The sub-procedure is executed, and we get the standard deviation of the scores of the teams in the Pivot Table as shown below:

### Explanation of the Code

The code in this method sets the aggregation function of all data fields in the first Pivot Table of the active sheet to calculate the standard deviation.

It optimizes performance by temporarily turning off screen updating and manual updating of the Pivot Table.

Here’s the breakdown of the code:

- Declare variables:
- ‘ptb’ (PivotTable): This variable stores the PivotTable object.
- ‘pfd’ (PivotField): This variable stores the PivotField object.
- ‘wsh’ (Worksheet): This variable stores the active worksheet.

- Set the active sheet:
- ‘Set wsh = ActiveSheet’: Assigns the currently active sheet to the ‘wsh’ variable.

- Set the PivotTable:
- ‘Set ptb = wsh.PivotTables(1)’: Assigns the first Pivot Table in the active sheet to the ‘ptb’ variable.

- Turn off screen updating:
- ‘Application.ScreenUpdating = False’: Temporarily turns off screen updating to improve performance.

- Enable manual update for the Pivot Table:
- ‘ptb.ManualUpdate = True’: Enables manual updating for the Pivot Table to prevent automatic recalculation after each change.

- Iterate through each data field in the Pivot Table:
- ‘For Each pfd In ptb.DataFields’: This loop iterates through each PivotField object in the Pivot Table’s data fields collection.

- Set the function of each data field to standard deviation:
- ‘pfd.Function = xlStDevp’: Sets the aggregation function for the current PivotField to calculate the standard deviation. Note: Use the “StdDevp” function if you have data for the entire population. If you have sample data, use the “StdDev” function.

- Turn off the manual update for the Pivot Table and recalculate:
- ‘ptb.ManualUpdate = False’: Turns off the manual updating and triggers recalculation of the Pivot Table.

- Enable screen updating:
- ‘Application.ScreenUpdating = True’: Enables screen updating, restoring the normal display behavior.

- Reset and release variables:
- ‘Set pfd = Nothing’: Resets the ‘pfd’ variable to release the allocated memory.
- ‘Set ptb = Nothing’: Resets the ‘ptb’ variable to free allocated memory.
- ‘Set wsh = Nothing’: Resets the ‘wsh’ variable to free allocated memory.

Also read: How to Group by Months in Excel Pivot Table?

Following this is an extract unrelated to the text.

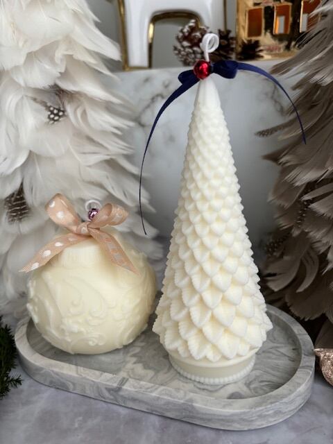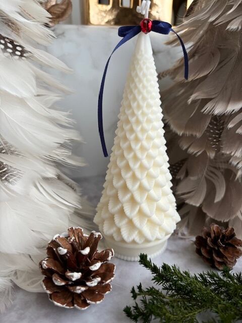 真っ白なクリスマスツリーは飾っているだけでも素敵な雰囲気を演出してくれます。葉っぱひとつひとつもリアルで可愛いキャンドルです。クリスマスパーティやディナーテーブルでキャンドルに火を灯してもソイワックスは黒いススがでにくく、精油の香りは優しいのでお料理の美味しい匂いを邪魔しません。ご自宅用やクリスマスのプチギフト、ささやかな贈り物におすすめです。

## STDEV vs STDEVP in Pivot Tables

The key difference between STDEV and STDEVP lies in the way they treat the data.

STDEV is used for analyzing a sample of the population, while STDEVP is used for analyzing the entire population.

Therefore, your choice of metric depends on the sample size:

- If you are working with a
**small sample (less than 30)**and want to infer conclusions about the entire population, use**STDEV**(sample standard deviation). - If your dataset represents the
**whole population**, you should use**STDEVP**(population standard deviation).

Keep in mind that using the incorrect function can lead to inaccurate results.

### Understanding Bias when Calculating Standard Deviation

Another factor to consider when choosing between STDEV and STDEVP is the potential for bias.

Bias occurs when a sample deviates from the population mean. To account for this deviation, the STDEV function uses the sample mean and an n-1 denominator, where n represents the sample size.

This adjustment effectively reduces the chance of biased results.

**With large sample sizes, the difference between STDEV and STDEVP becomes negligible. **

However, it’s still good practice to use the appropriate function based on your data:

- Use
**STDEV**if your objective is to minimize bias when working with sample data. - Choose
**STDEVP**when dealing with the entire population, as the population mean is considered unbiased.

This tutorial has explained two techniques for getting the standard deviation in Pivot Tables in Excel. We hope you found the tutorial helpful.